Choose a spot with full sunlight, away from other trees or trellises that you don’t want the Passionfruit vines to grow. Once you find your spot, follow these steps for planting Passion fruit flower:
- Dig a hole as deep as the root ball and twice the diameter size.
- Place the small plant into the hole.
- Fill the hole with soil that you mixed with compost and manure.
- Gently firm down the soil around the plant
- Water the plant thoroughly.
- Apply liquid seaweed fertilizer.
- Attach the lead tendril to a trellis or to a stake to keep it upright
How to Plant Passionfruit Flower Seeds
Passionfruit is easy to grow from seeds. You can either collect your own seeds, or purchase them online or at your garden center. Seed-grown vines grow vigorously and produce plenty of fruit. One more benefit is that they don’t grow as many suckers as grafted vines.
Save the seeds from a few large fruits. Remove the seeds and clean off all the pulp. Dry them with a paper towel. Unlike many plants grown from seed, you don’t want to dry out the seeds. Use them fresh for the best results.
- Sow the fresh seeds in small pots filled with moistened potting soil. Place one or two seeds on top of the soil in the pot. Lightly cover the seeds with more soil. Water the seeds with a seaweed solution.
- Find a warm spot for the pots. You can use a mini-greenhouse or place them in an insulated box, covered with plastic. Keep them in warm, indirect sunlight.
- Mist the soil, so it doesn’t dry out. Your seeds will germinate in 10 to 21 days.
- Allow the seedling to grow to about 2 inches, and then water them with an organic, liquid plant food.
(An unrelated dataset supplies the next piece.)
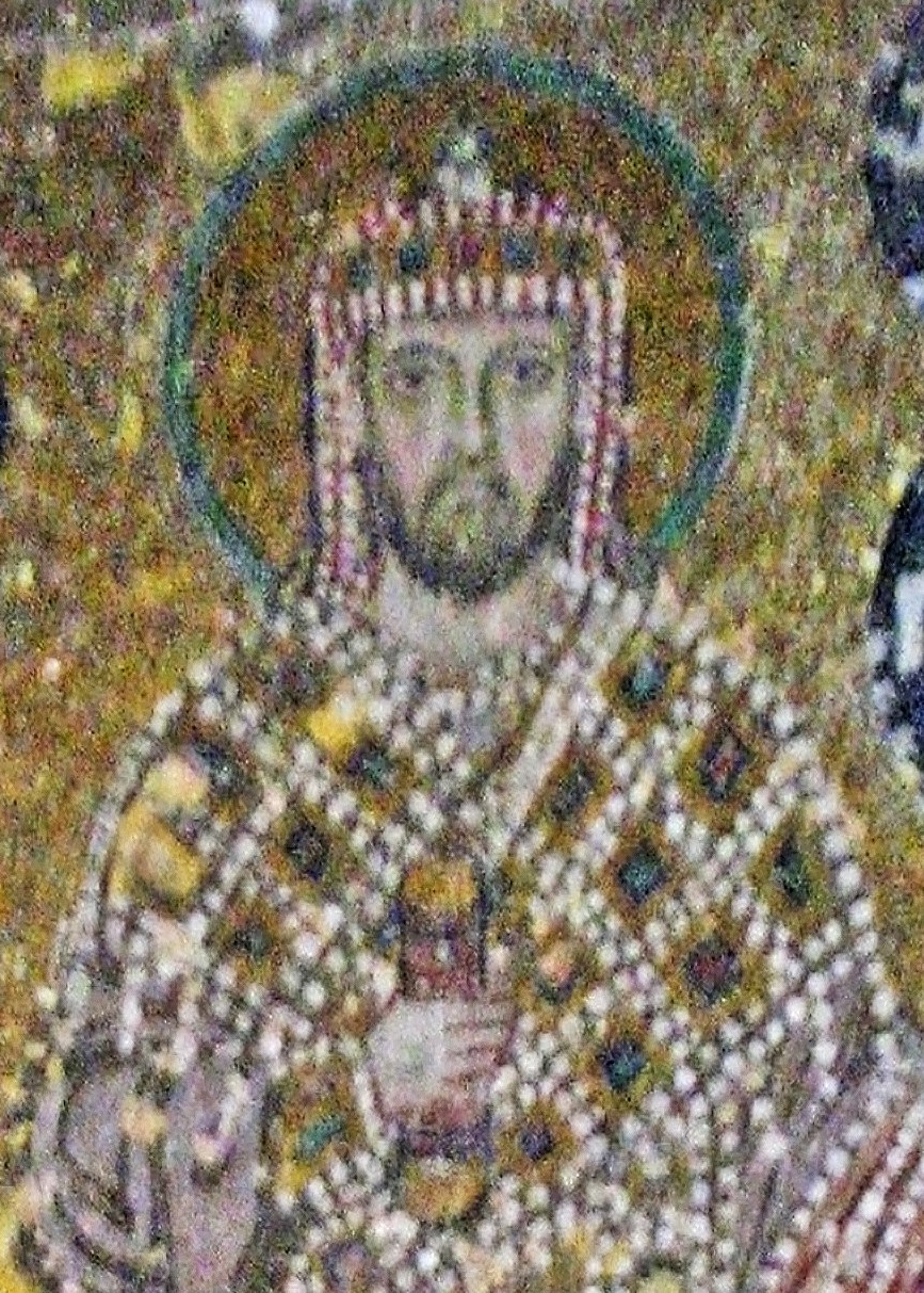 Alexander of Constantinople.

Fertilize them again after two weeks.
- Repot the seedlings to a larger pot when they reach about 6 inches tall. Also, place a climbing stake in each pot.
- Plant your young vine outside after about six weeks in the new pot. Follow the previous instructions for planting young Passionfruit vines.
Feed and Mulch
Passionfruit love to eat, so they need organic fertilizer during the first year before the flowers bloom. Also, apply mulch made from pea straw or hay. This helps keep in the moisture and prevents weed growth.
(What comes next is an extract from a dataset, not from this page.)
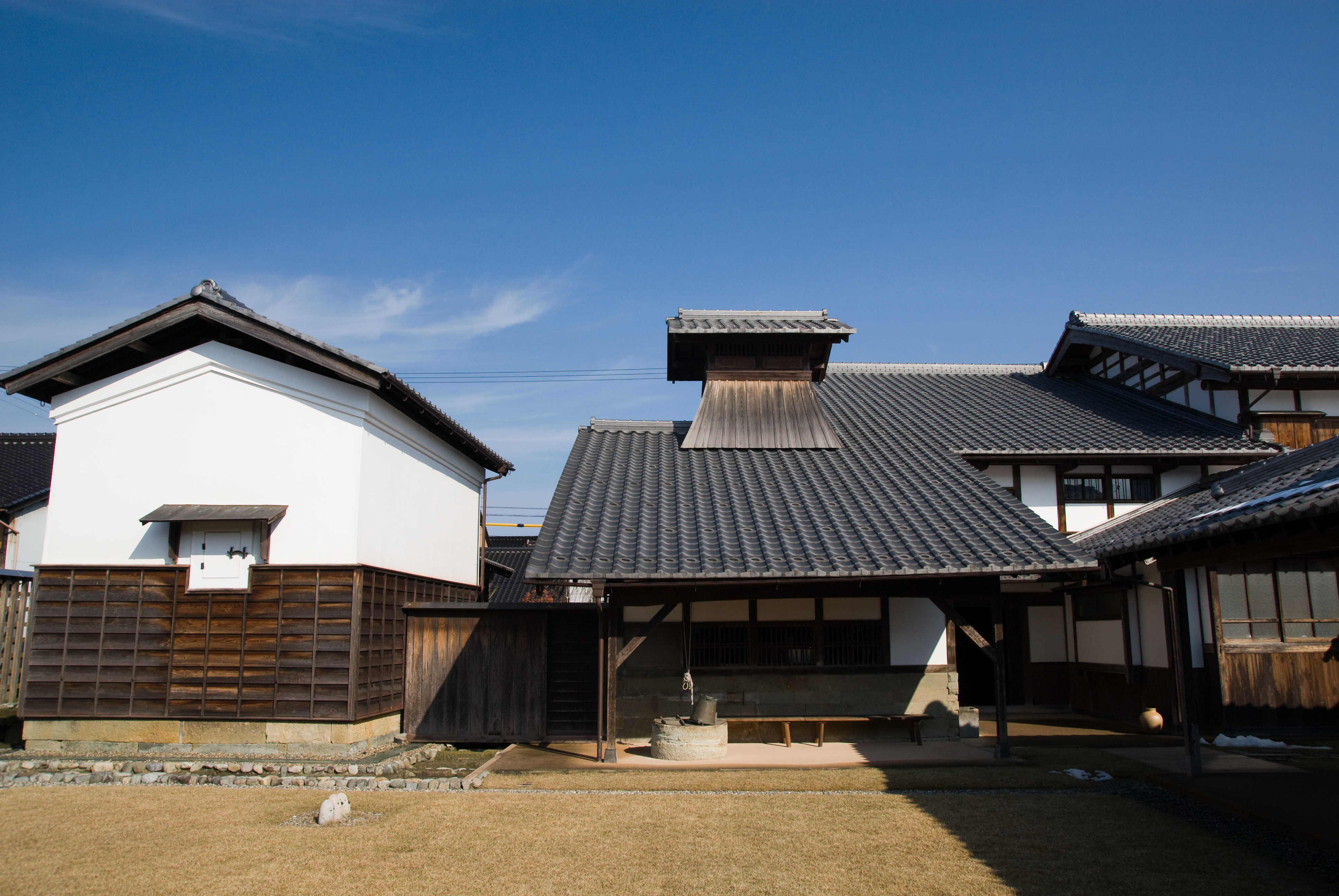 INABAHONKE in Kyotango, Kyoto Prefecture, Japan.

Apply aged chicken manure twice per year. You should do this at the start of spring and at the beginning of autumn. When the flowers start blooming, apply potash to the soil.
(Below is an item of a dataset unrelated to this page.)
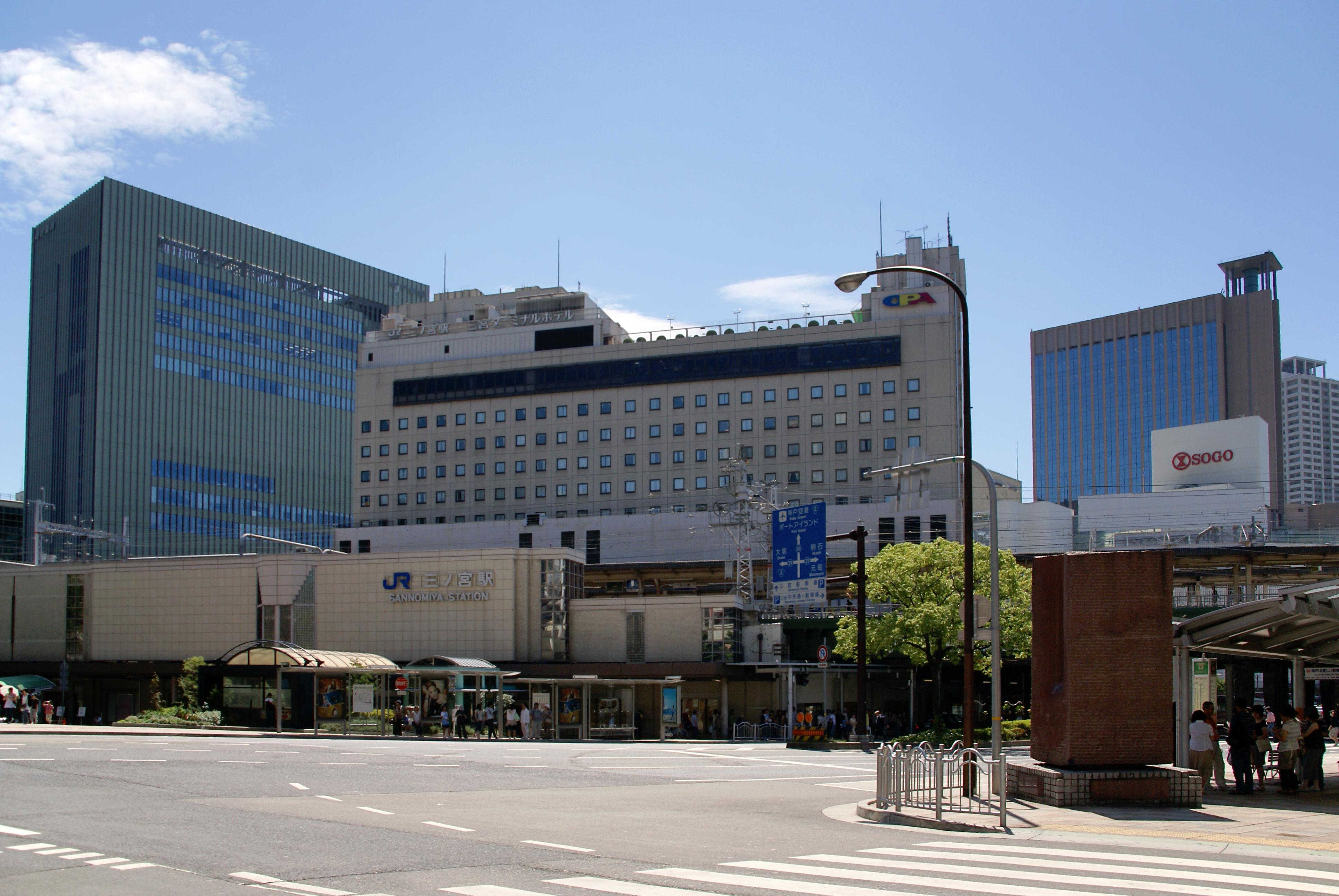 JR Sannomiya Station in Kobe, Hyogo prefecture, Japan

During the first month after you planted your Passionfruit, water two to three times every week. After the first month, you can cut down the watering to a single soaking once per week. If you notice any shriveling of the plant, then it needs more water. When it starts flowering and forming fruit, keep the plant watered sufficiently.
Pruning Passionfruit Vines
As your plant grows, look out for suckers that can drain the energy from the main vine. Use your hand clippers to cut the suckers off at ground level. Keeping your Passionfruit pruned is one of the most important maintenance you can do for your plant.
Since the fruit grows on young vines, cut back the older woody ones in the spring. This helps keep your Passionfruit flower productive.
When you see the fruit starting to shrivel, all you have to do is twist it off the vine. Picking your fruit regularly actually encouraged the vine to produce more fruit. Keep watering even during harvest time and you’ll have a steady crop of Passionfruit.